YOUR ASSIGNMENT
Give back the full listing, character for character, with no pictures.

STORED DATA

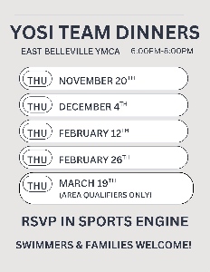 DINNER IS ON US!! YOSI Families, We’re excited to start a new YOSI tradition this season! Before each of our three-day meets, we’ll host a Team Dinner on the Thursday evening before the meet. Our first team dinner will be on Thursday, November 20th! Time: 6:00–8:00 PM Location: East Belleville YMCA You can RSVP directly through SportsEngine — look for the event listed under your swimmer’s calendar. Please “Declare” whether your family will attend, and if you select “Yes,” include in the text box how many total family members will...
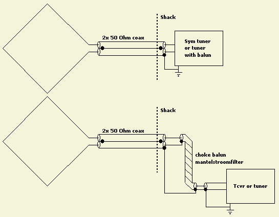 Hier («fig) is alles nog eens verduidelijkt. Ook een (interne) asymmetrische tuner in combinatie met een mantelstroom filter is meestal mogelijk. Wikkel voor 10 t/m 80 m ongeveer 3 m coaxkabel op een (PVC) buis van 7–10 cm doorsnede. Als de tuner geen aanpassing kan vinden, de voedingskabel (2 × 50 Ω) verkorten of verlengen.
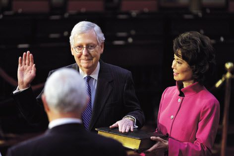 미치 매코널(가운데) 미 공화당 상원 원내대표가 3일(현지시간) 워싱턴DC 의사당에서 상원 의장격인 마이크 펜스(왼쪽) 미 부통령을 앞에 두고 제 117대 미 연방 의회 공식 출범에 앞서 선서를 하고 있다. [EPA] |

TASK SOLUTION
 DINNER IS ON US!! YOSI Families, We’re excited to start a new YOSI tradition this season! Before each of our three-day meets, we’ll host a Team Dinner on the Thursday evening before the meet. Our first team dinner will be on Thursday, November 20th! Time: 6:00–8:00 PM Location: East Belleville YMCA You can RSVP directly through SportsEngine — look for the event listed under your swimmer’s calendar. Please “Declare” whether your family will attend, and if you select “Yes,” include in the text box how many total family members will...
 Hier («fig) is alles nog eens verduidelijkt. Ook een (interne) asymmetrische tuner in combinatie met een mantelstroom filter is meestal mogelijk. Wikkel voor 10 t/m 80 m ongeveer 3 m coaxkabel op een (PVC) buis van 7–10 cm doorsnede. Als de tuner geen aanpassing kan vinden, de voedingskabel (2 × 50 Ω) verkorten of verlengen.
 미치 매코널(가운데) 미 공화당 상원 원내대표가 3일(현지시간) 워싱턴DC 의사당에서 상원 의장격인 마이크 펜스(왼쪽) 미 부통령을 앞에 두고 제 117대 미 연방 의회 공식 출범에 앞서 선서를 하고 있다. [EPA] |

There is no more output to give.